The answer is 10.42.0.0/24 because it provides 256 total IP addresses (251 usable), comfortably supporting the required 120 endpoints with room for growth, while avoiding overlap with the hub VNet’s 10.40.0.0/16 and the on-premises network’s 10.41.0.0/16. This is a core principle of Azure VNet address space selection: when peering spoke VNets to a hub, you must ensure no IP address overlap exists between the spoke, hub, or any connected on-premises network, or peering will fail. On the AZ-104 exam, this scenario tests your ability to choose a non-overlapping CIDR block that balances current needs with future expansion—a common trap is picking a /16 or /24 that conflicts with the hub or on-premises range. Remember the memory tip: “Keep your spokes in a separate subnet of the same /16 family, but never duplicate the hub or on-prem octet.”

AZ-104 Implement and Manage Virtual Networking Practice Question

This AZ-104 practice question tests your understanding of implement and manage virtual networking.
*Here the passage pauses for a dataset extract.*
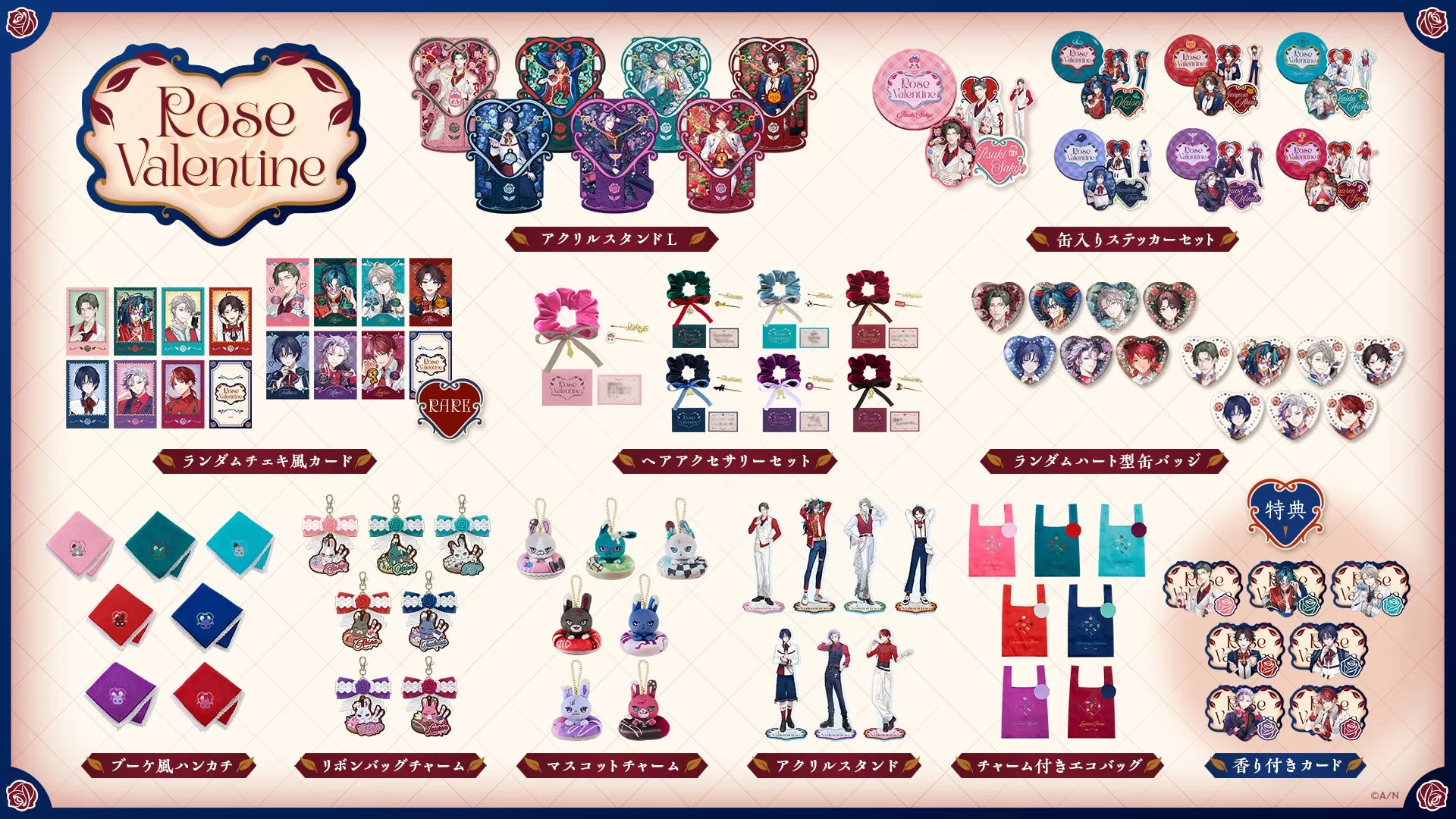 にじさんじオフィシャルストアにて「Rose Valentine」グッズを購入すると、お買い上げ3,000円(税込)ごとに「香り付きカード(全7種)」をランダムで1点プレゼントいたします。

Read the scenario carefully and evaluate each option against the stated constraints before committing to an answer. After answering, compare your reasoning against the explanation and wrong-answer breakdown below. Once you have made your selection, read the full explanation to reinforce the concept and understand why each distractor is designed to mislead on exam day.

A company is creating a new spoke virtual network that will be peered to an existing hub VNet. The hub uses 10.40.0.0/16, and an on-premises network already uses 10.41.0.0/16. The spoke must support about 120 endpoints now and should allow room for growth. Which address space should you assign to the new spoke VNet?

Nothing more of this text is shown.